What he was particularly proud of was the Squirreler—hot juicy patties of fresh squirrel meat. “The taste of old time America.”
The squirrel patties won Poppy over. Who else was serving squirrel patties? Poppy had a fondness for squirrel himself and couldn’t believe others wouldn’t too. After all, you had to have a gimmick if you want to stand out.
Rose was skeptical about Hooly, but Poppy took the bait. This was their chance to secure a long-term investment that would free them from the road. Contracts were drawn up, papers were signed, and the family began pouring money into the first Boone Burgers restaurant in Louisville and the shell of the franchise, along with what they thought was the purchase of the land in Pigeon Forge. Poppy began thinking of himself as an American entrepreneur lighting out into the frontier of finance and success.
Hooly meanwhile had been playing this same game with several others in other towns. While he may have had some dim hope of pulling off the empire, he was fleecer enough to sock away the money that came in, with just enough left over to keep up appearances of some kind of progress. All his investors believed they were the sole partners, with the first and best options regarding new restaurants.
But nothing really got done. Money flowed in but no restaurant was built. There were always complications. Planning permits. New regulations. For Hooly, it was starting to look a lot easier to take what he could and then head down to South America. The moment he’d started actually trying to launch a legitimate business with any sincere vigor, he discovered all that was involved. Nevertheless, ground was broken at the Louisville site and building contracts were produced. Of course, more money was asked for.

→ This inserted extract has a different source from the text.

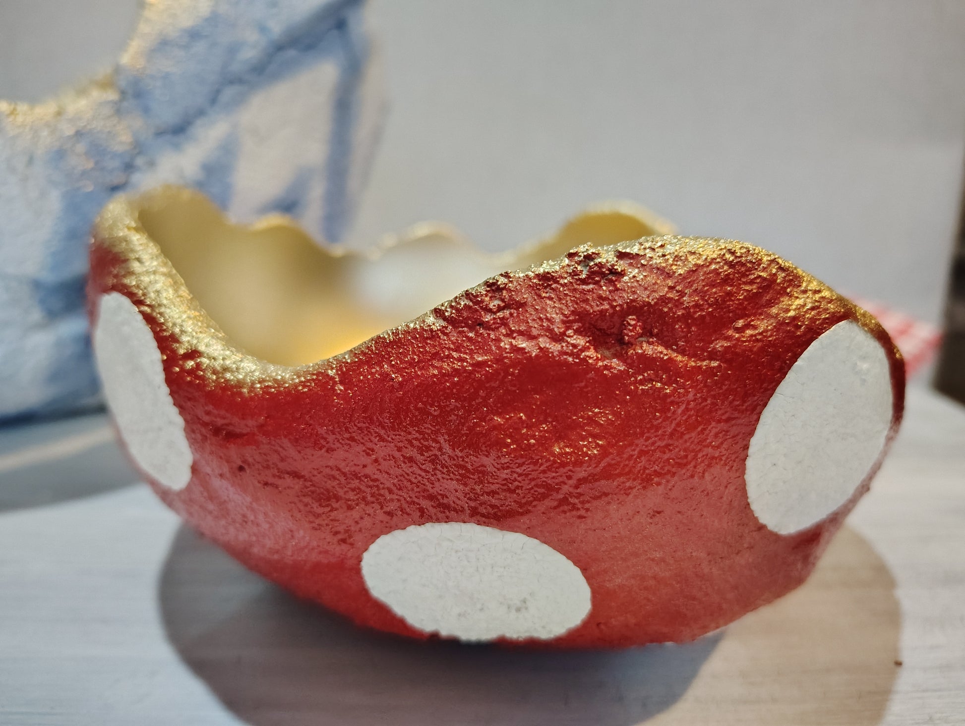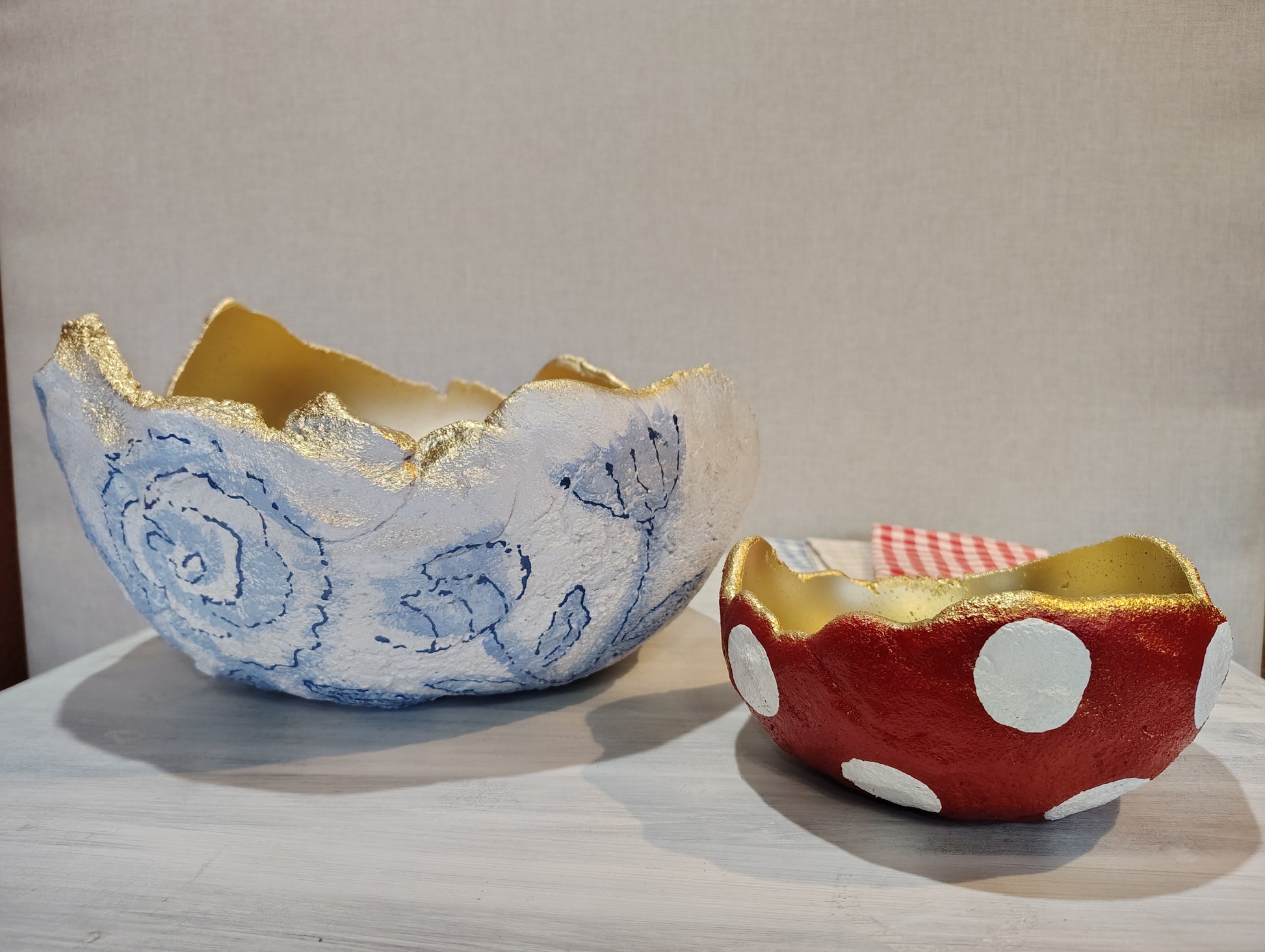 These unique "Freedom Edition" Concrete Bowl Set is a must-have for hosting during holidays like the 4th of July. The set includes a large 13.5 inch bowl and a small 7.5 inch bowl, both hand sculpted and hand painted with fun red and white polka dots and blue and white floral designs. Made with solid concrete, these bowls are both durable and stylish.

Reverend America preached and laid on hands like never before—and all that cash went straight into Hooly’s coffers, while he stalled the builders for payment and showed the family ever brighter ads that would never run, beautifully flow charted business models and customer service credos.
Oh, he had big dreams, including a booth at the 1964 World’s Fair, where Reverend America would put on a coonskin cap and plug squirrel patties with the faith healing conviction that had brought him regional renown. This would be different though. They’d be alongside the Disneytronic Abe Lincoln, Scott Paper’s Enchanted Forest, The Wonderful World of Chemistry—riding the Carousel of Progress, while pointing the way back to America’s proud frontier heritage. Hooly even boasted about being able to get the Yankees and the Rockettes to come and eat Squirrelers.
Every night Rose and Poppy would argue. Poppy was blind and fell deeper into the trap. Hooly became his own victim too—to the point where it would’ve been impossible to know how sincere his ambitions had ever been, and how much of a scam he’d planned from the start. The notion that con artists start off with a clear strategy doesn’t hold up. Self-delusion affects everyone.